PROMPT:
Although the entries contain pictures, write out only their text, exactly as it stands.

Data extracted from a collection:
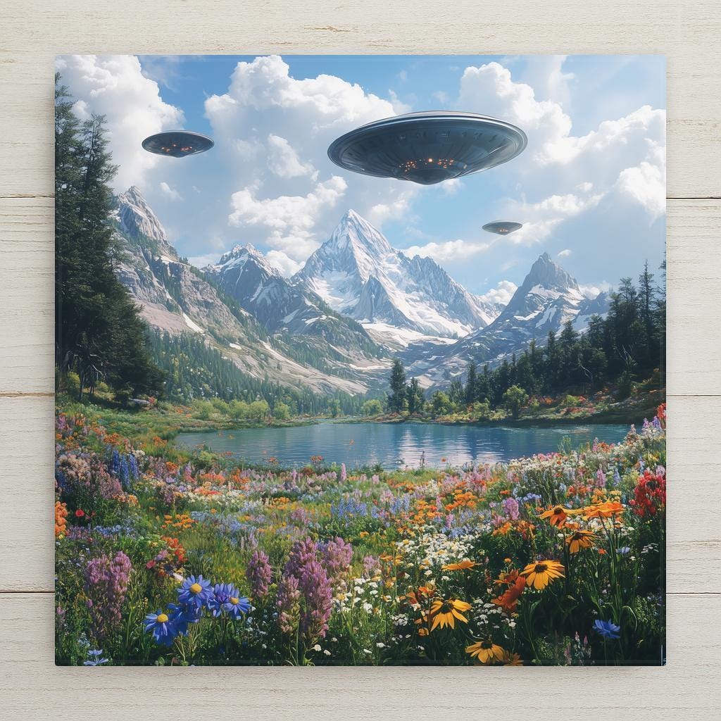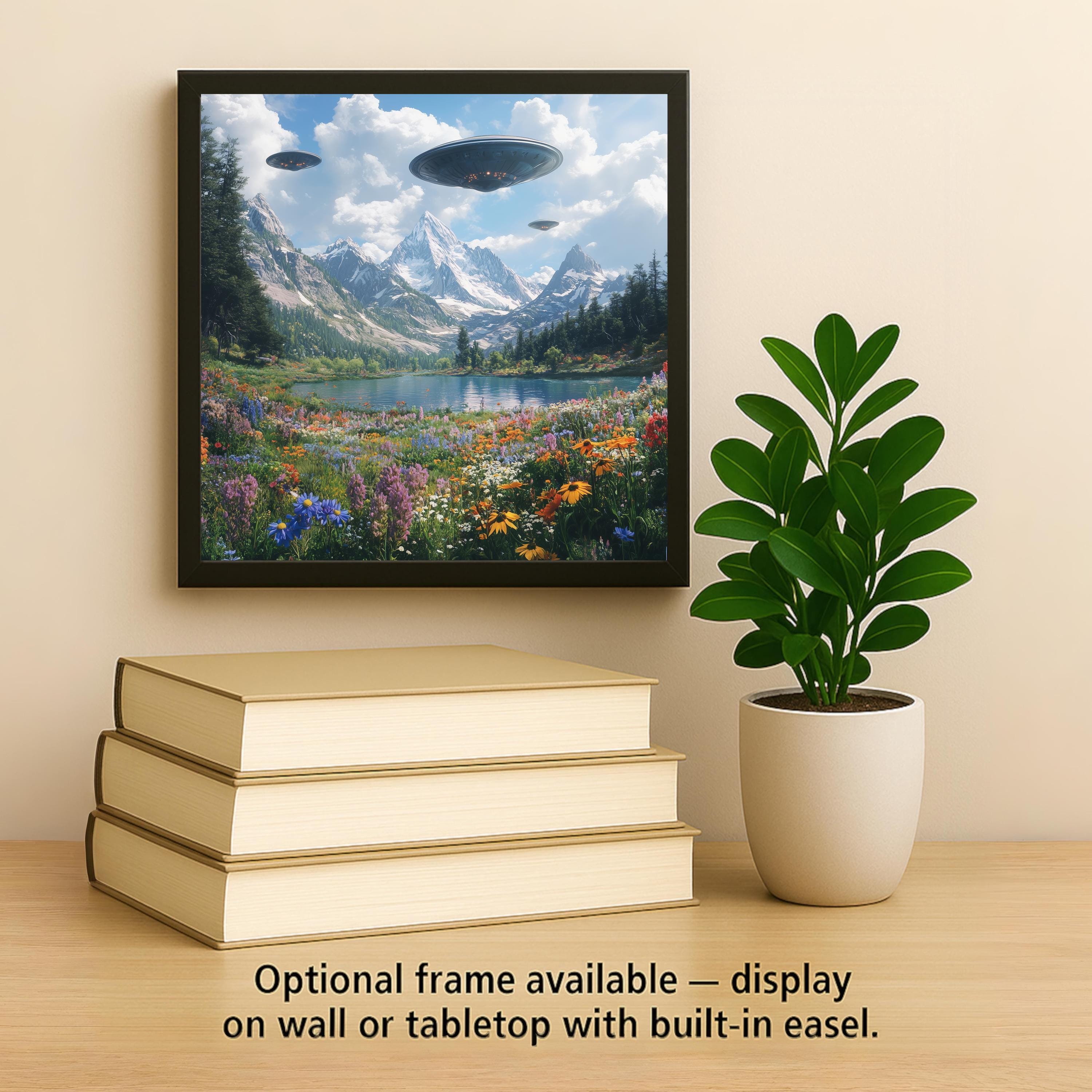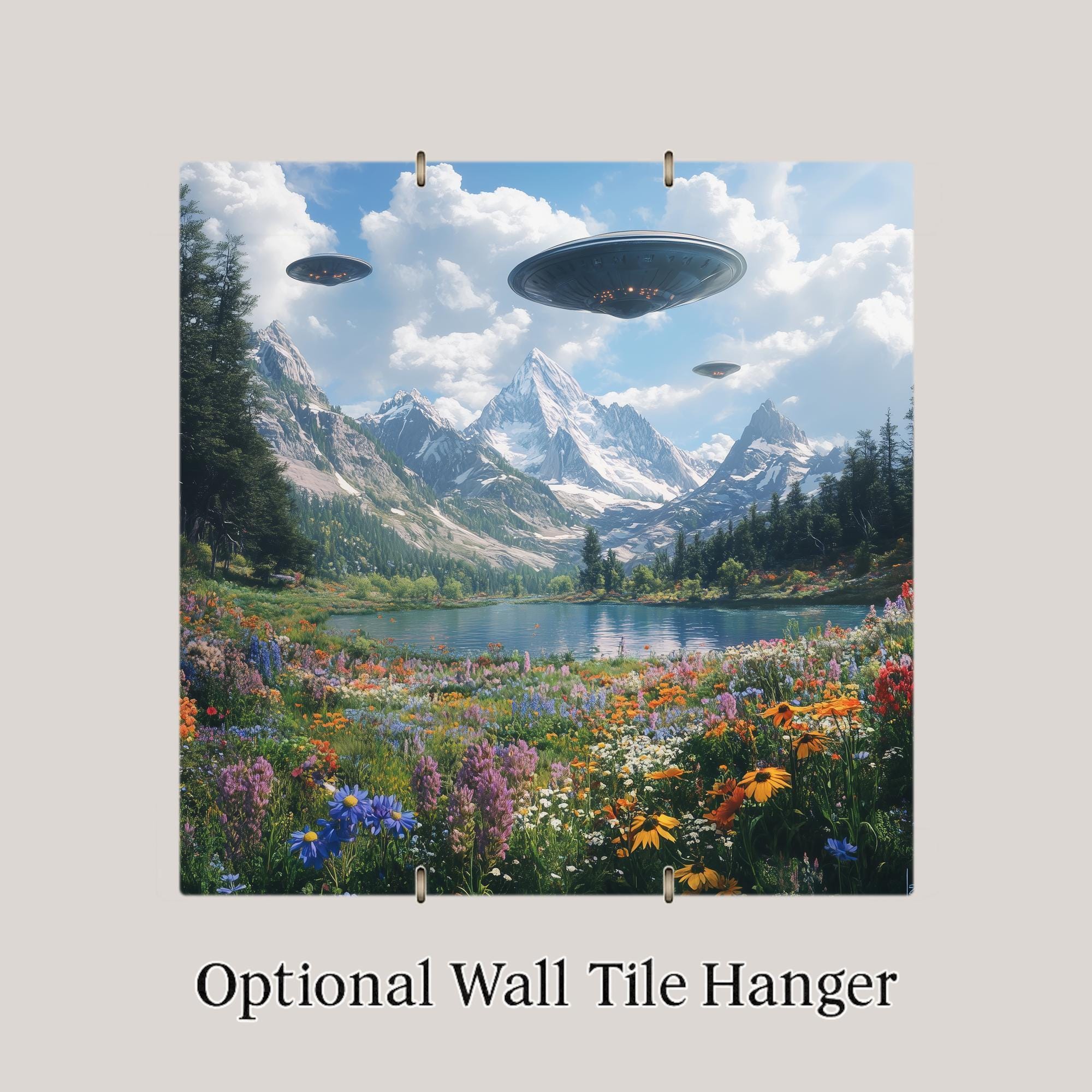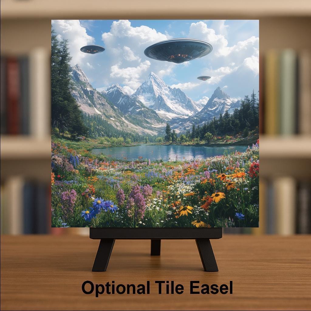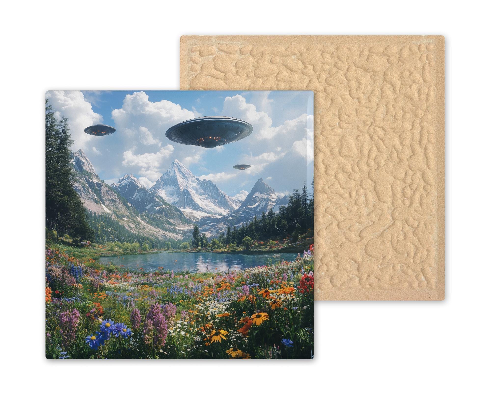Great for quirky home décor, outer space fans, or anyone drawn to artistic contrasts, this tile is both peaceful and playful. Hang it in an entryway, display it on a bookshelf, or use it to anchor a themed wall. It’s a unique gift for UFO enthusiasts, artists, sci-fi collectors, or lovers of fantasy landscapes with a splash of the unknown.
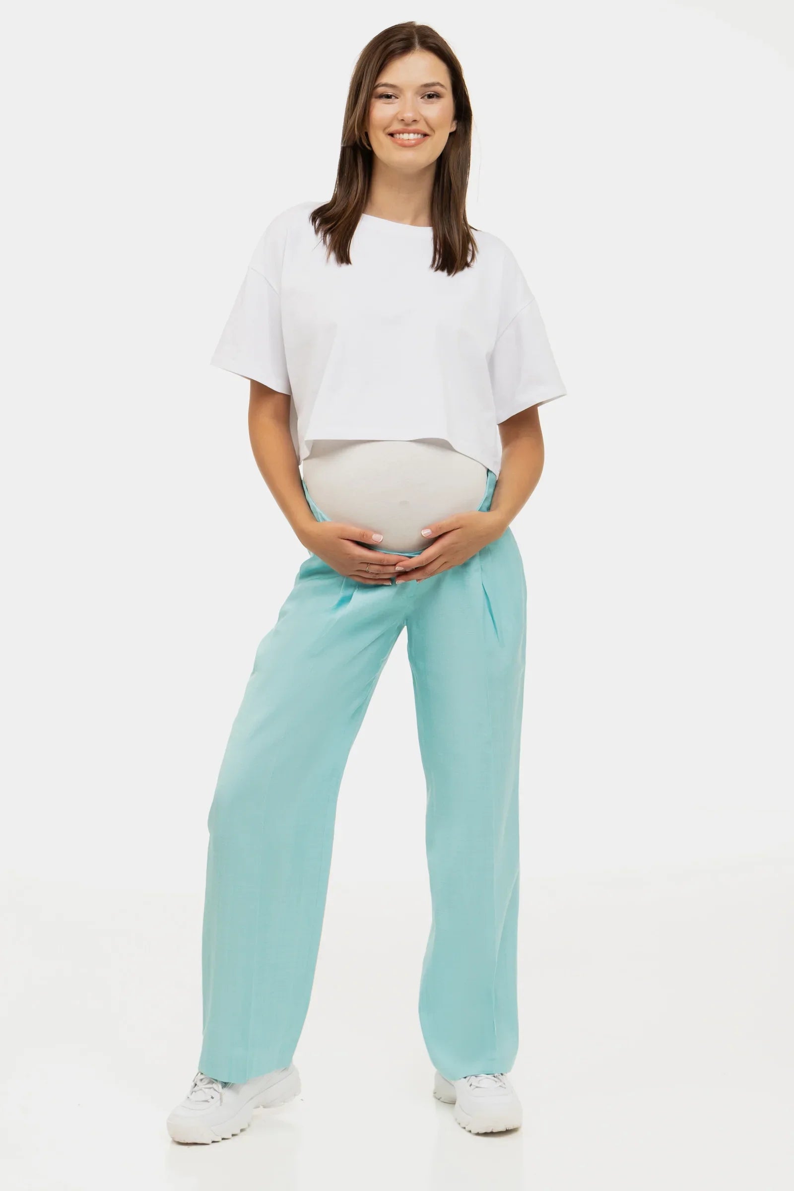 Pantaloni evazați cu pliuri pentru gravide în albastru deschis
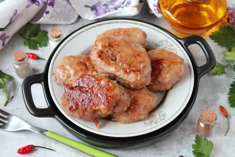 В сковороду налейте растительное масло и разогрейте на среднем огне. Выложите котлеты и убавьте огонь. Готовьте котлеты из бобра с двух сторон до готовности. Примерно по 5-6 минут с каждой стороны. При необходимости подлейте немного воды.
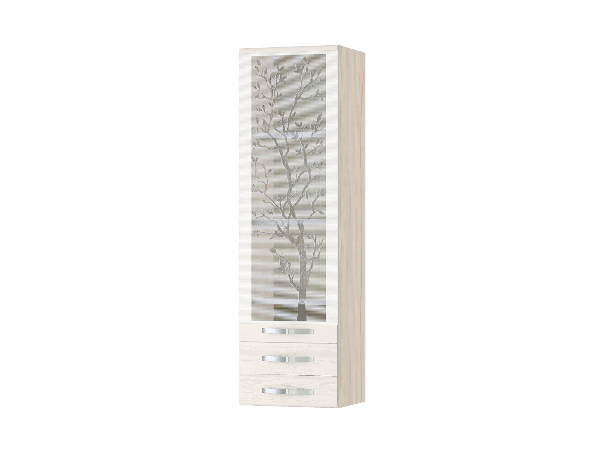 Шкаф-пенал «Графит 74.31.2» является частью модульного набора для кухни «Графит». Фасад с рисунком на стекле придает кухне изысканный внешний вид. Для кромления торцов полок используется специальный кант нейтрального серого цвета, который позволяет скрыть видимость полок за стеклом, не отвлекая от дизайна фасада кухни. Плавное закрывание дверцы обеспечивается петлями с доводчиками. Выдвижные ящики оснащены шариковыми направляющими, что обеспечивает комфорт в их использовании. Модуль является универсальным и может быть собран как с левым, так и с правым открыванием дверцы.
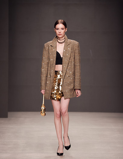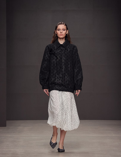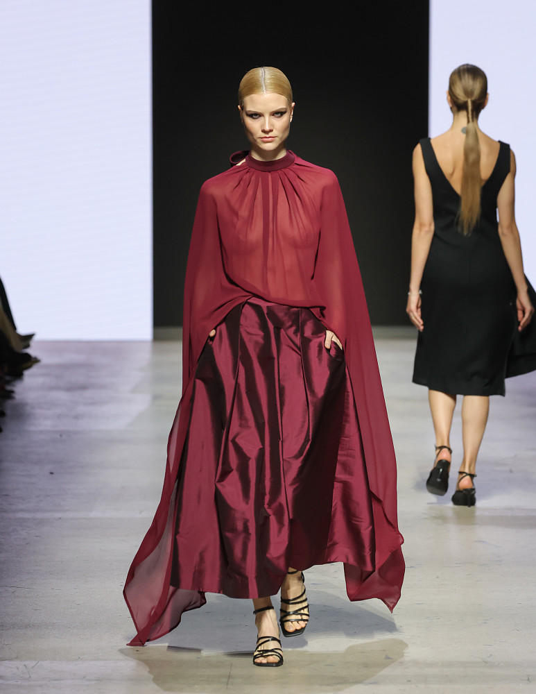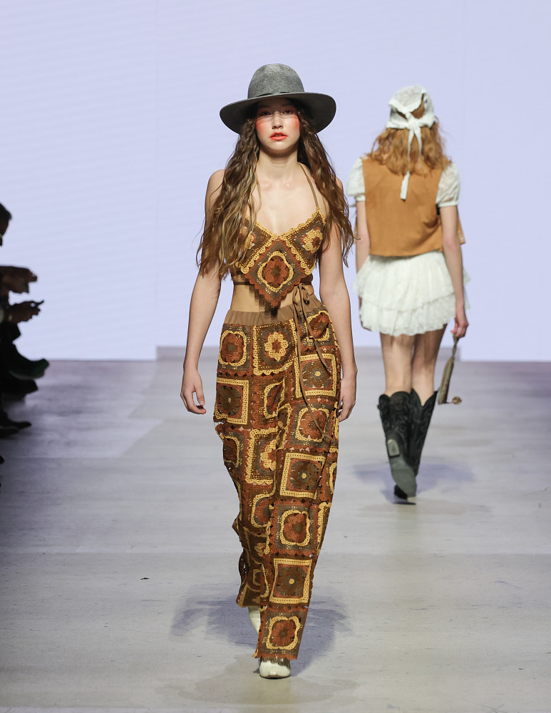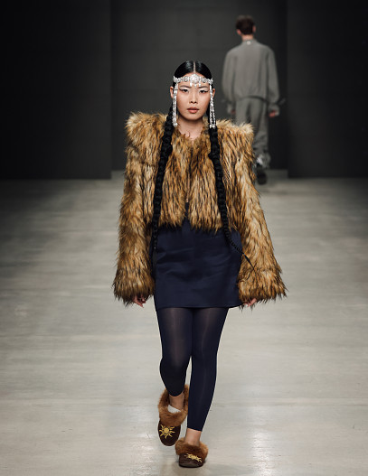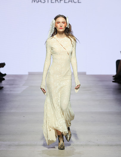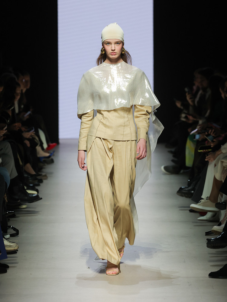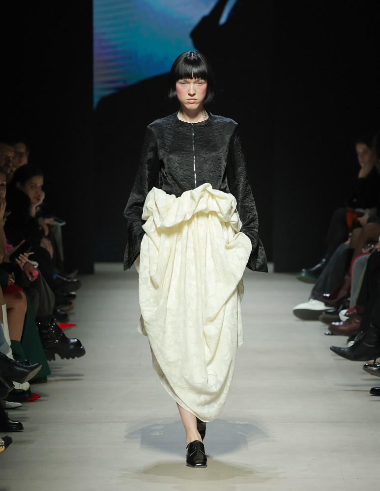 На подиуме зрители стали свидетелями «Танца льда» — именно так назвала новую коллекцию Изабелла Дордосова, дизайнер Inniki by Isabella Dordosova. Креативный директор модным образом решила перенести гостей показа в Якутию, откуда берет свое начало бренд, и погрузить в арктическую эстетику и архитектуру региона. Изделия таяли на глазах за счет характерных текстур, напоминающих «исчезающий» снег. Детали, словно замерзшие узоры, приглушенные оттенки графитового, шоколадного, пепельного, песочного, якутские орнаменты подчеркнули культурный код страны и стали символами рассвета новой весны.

ANSWER SPACE:
Great for quirky home décor, outer space fans, or anyone drawn to artistic contrasts, this tile is both peaceful and playful. Hang it in an entryway, display it on a bookshelf, or use it to anchor a themed wall. It’s a unique gift for UFO enthusiasts, artists, sci-fi collectors, or lovers of fantasy landscapes with a splash of the unknown.
 Pantaloni evazați cu pliuri pentru gravide în albastru deschis
 В сковороду налейте растительное масло и разогрейте на среднем огне. Выложите котлеты и убавьте огонь. Готовьте котлеты из бобра с двух сторон до готовности. Примерно по 5-6 минут с каждой стороны. При необходимости подлейте немного воды.
 Шкаф-пенал «Графит 74.31.2» является частью модульного набора для кухни «Графит». Фасад с рисунком на стекле придает кухне изысканный внешний вид. Для кромления торцов полок используется специальный кант нейтрального серого цвета, который позволяет скрыть видимость полок за стеклом, не отвлекая от дизайна фасада кухни. Плавное закрывание дверцы обеспечивается петлями с доводчиками. Выдвижные ящики оснащены шариковыми направляющими, что обеспечивает комфорт в их использовании. Модуль является универсальным и может быть собран как с левым, так и с правым открыванием дверцы.
 На подиуме зрители стали свидетелями «Танца льда» — именно так назвала новую коллекцию Изабелла Дордосова, дизайнер Inniki by Isabella Dordosova. Креативный директор модным образом решила перенести гостей показа в Якутию, откуда берет свое начало бренд, и погрузить в арктическую эстетику и архитектуру региона. Изделия таяли на глазах за счет характерных текстур, напоминающих «исчезающий» снег. Детали, словно замерзшие узоры, приглушенные оттенки графитового, шоколадного, пепельного, песочного, якутские орнаменты подчеркнули культурный код страны и стали символами рассвета новой весны.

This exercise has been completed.